◆ **Dataset**
..........
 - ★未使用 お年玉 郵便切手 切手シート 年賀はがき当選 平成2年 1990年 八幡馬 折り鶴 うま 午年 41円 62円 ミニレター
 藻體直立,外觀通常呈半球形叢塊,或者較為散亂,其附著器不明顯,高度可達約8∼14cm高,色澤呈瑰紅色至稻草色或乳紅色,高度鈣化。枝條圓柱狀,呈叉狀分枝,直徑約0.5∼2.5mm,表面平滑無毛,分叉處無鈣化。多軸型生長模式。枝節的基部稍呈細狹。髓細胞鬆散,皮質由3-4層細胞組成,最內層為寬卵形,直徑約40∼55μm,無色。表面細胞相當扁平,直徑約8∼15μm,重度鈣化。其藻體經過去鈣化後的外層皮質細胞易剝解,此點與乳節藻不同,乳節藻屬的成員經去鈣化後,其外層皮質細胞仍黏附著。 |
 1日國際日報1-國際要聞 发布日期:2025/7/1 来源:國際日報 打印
..........
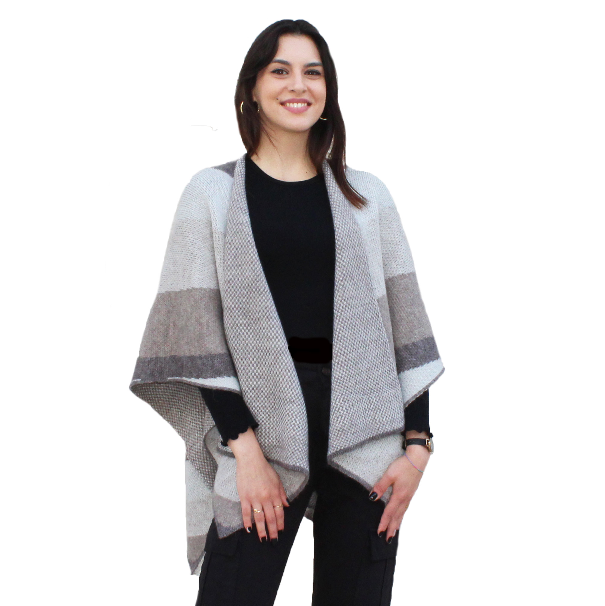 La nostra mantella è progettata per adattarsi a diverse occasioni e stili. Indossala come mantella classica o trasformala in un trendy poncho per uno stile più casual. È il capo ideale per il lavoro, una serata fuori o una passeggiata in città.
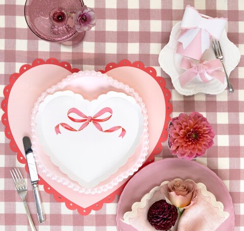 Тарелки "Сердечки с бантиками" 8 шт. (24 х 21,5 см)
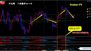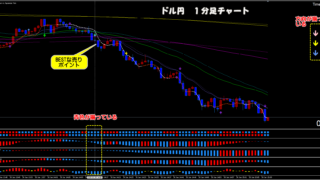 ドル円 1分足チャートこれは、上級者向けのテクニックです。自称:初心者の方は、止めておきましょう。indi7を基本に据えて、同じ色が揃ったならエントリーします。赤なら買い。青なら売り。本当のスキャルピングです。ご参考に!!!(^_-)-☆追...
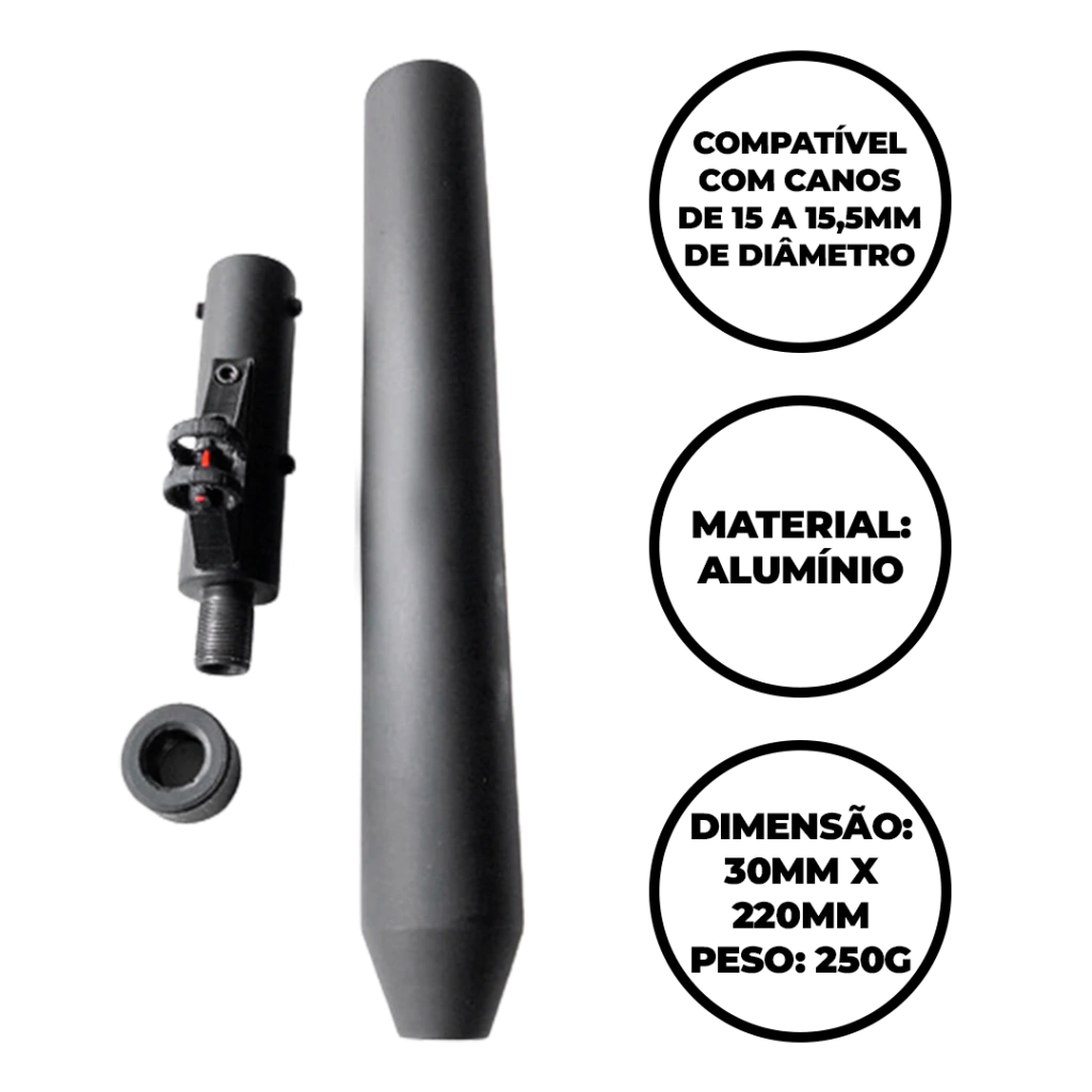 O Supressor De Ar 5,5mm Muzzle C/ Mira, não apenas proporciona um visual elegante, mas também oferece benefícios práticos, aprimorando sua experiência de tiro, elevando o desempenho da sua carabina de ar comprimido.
..........
In the entries above, the lines between the one holding "藻體直立,外觀通常呈半球形叢" and the one holding "1日國際日報1-國際要聞 发布日期:2025/7/1 来源:國際日報 打印", inclusive, are to be printed exactly as written, and those alone.

◆ **Solution for this problem**
 藻體直立,外觀通常呈半球形叢塊,或者較為散亂,其附著器不明顯,高度可達約8∼14cm高,色澤呈瑰紅色至稻草色或乳紅色,高度鈣化。枝條圓柱狀,呈叉狀分枝,直徑約0.5∼2.5mm,表面平滑無毛,分叉處無鈣化。多軸型生長模式。枝節的基部稍呈細狹。髓細胞鬆散,皮質由3-4層細胞組成,最內層為寬卵形,直徑約40∼55μm,無色。表面細胞相當扁平,直徑約8∼15μm,重度鈣化。其藻體經過去鈣化後的外層皮質細胞易剝解,此點與乳節藻不同,乳節藻屬的成員經去鈣化後,其外層皮質細胞仍黏附著。 |
 1日國際日報1-國際要聞 发布日期:2025/7/1 来源:國際日報 打印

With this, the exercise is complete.